A project designed to improve the health of women was officially launched in Khayelitsha District Hospital (KHD) on Monday morning.
The clinical breast examination (CBE) pilot project aims to reduce illness and death related to breast cancer. It will be offered immediately to 400 nurses at the Khayelitsha Hospital with plans to eventually expand the programme to women in the community and elsewhere.
Data gathered from the screening is uploaded electronically onto Cloudvein where the information will be kept confidential and the company will be informed as to how many women had a CBE and how many were referred for further investigation due to breast problems. The programme is the result of collaboration between healthcare partners, among them Phakamisa and AstraZeneca Access to Health Initiative, Breast Health Foundation, Tygerberg and Khayelitsha Hospitals and Medical students from Stellenbosch.
Phakamisa is AstraZeneca’s access to healthcare initiative in South Africa.
Doctor Jenny Edge is head of the Breast and Endocrine Unit at the Tygerberg Hospital and director of Breast Course 4 Nurses, an NPO that trains primary health care providers to manage patients with breast problems.
She called on women working at the hospital to come and have breast assessment and to ensure they’re educated about breast care.
“We are offering breast education and examinations to all female employers at KHD. Anybody that works here can come to have their necessary test and investigation. We also use it to educate. We use it to access everybody to screen them for breast cancer. We are also using it as a teaching opportunity for the sisters who are part of the specialist training course,” she said.
Dr Edge said the plan was to go to the community after they had finished screening the initial 400 women.
Phakamisa’s market access director Dr Ruth Field, said her organisation promoted disease awareness, early diagnosis and effective access to care for breast and prostate cancer. She added that equitable healthcare should not depend on whether one has money or not.
While the initiative was about non-communicable disease, she said, the focus of the campaign was on cancer because that was where the burden of disease was.
She said Phakamisa has three pillars, the first of which is education and community awareness.
“We found that some of the nurses were not educated enough. The second pillar is the healthcare training pillar. You get there with a tumour but they cannot help you. So how do we prevent that, how do we train those health practitioners so that at the end of the day you are treated very early?” she asked.
The third pillar is a partnership with the national health department, provinces and civil society to ensure access to healthcare.

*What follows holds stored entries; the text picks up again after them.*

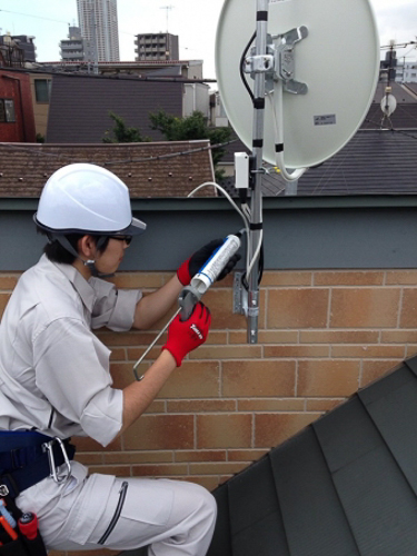 • 工事内容:UHFアンテナとBS/CSアンテナの壁面取り付け
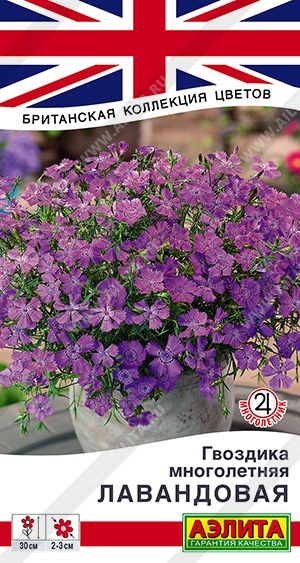 Многолетний сорт гвоздики с цветками классической формы великолепного лавандового оттенка. Отличается длительным периодом цветения, хорошей зимостойкостью и неприхотливостью в уходе. Растения шаровидной формы, компактные, с хорошим боковым ветвлением, вы сотой не более 30 см. Побеги увенчаны изящными цветками Ø 2-3 см. Это удачный выбор для оформления бордюров, низкорослых клумб, альпийских горок, создания ярких одиночных куртин среди газона. Сорт подходит для выращивания в ограниченном объеме грунта.
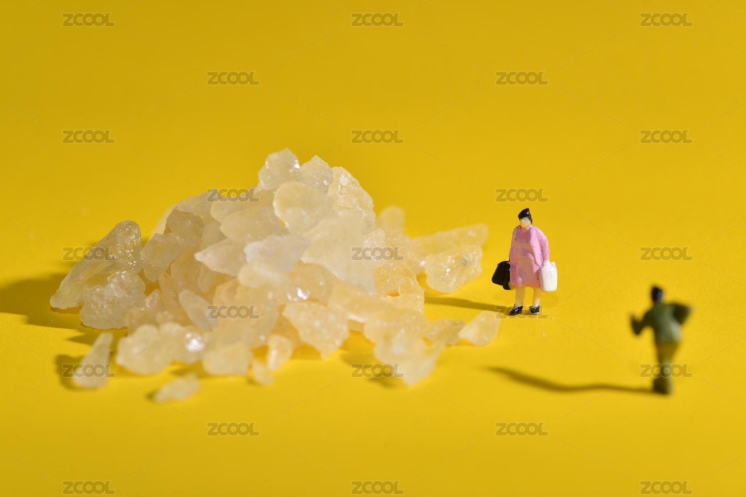 黄色背景上的小人与冰糖,关于健康的思考
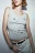 - Глубокий круглый вырез горловины, широкая спинка-борцовка. Широкие бретели без регулировки по длине. Декор из металлических люверсов. Прямой нижний край без разрезов

“The third pillar is about access. When you get to the hospital, do you have access to treatment, to radiation, to counselling, do you have access to all those innovative things?
“That is what we are doing with this project here. We completely believe as a patient, it doesn’t matter how much money you have or how much money you don’t have. If you got cancer you got cancer. There should not be a difference in terms of a patient going to the public or belonging to medical aid. The treatment must be the same,” she said.

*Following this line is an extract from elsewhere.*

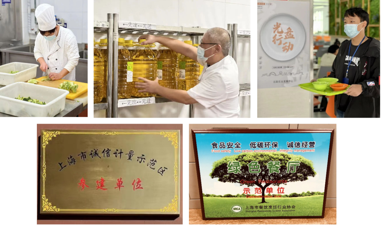 食堂始终把食品安全放在首位,科学管理守好底线,做到天天检查,及时整改落实。第一食堂通过了“6T”复评,第二食堂被授予了“上海市诚信计量示范区”参建单位;不遗余“粒”推进爱粮节粮工作。

The chief executive officer of the KDH David Binza said after the nurses had been trained, the campaign would be taken to the community, with the media being used to spread awareness.
“Today marks a very significant step in terms of improving the health of women. We want to increase awareness of breast cancer. We empower nurses on how to do breast examinations. We all know that breast cancer continues to be a serious health problem,” he said.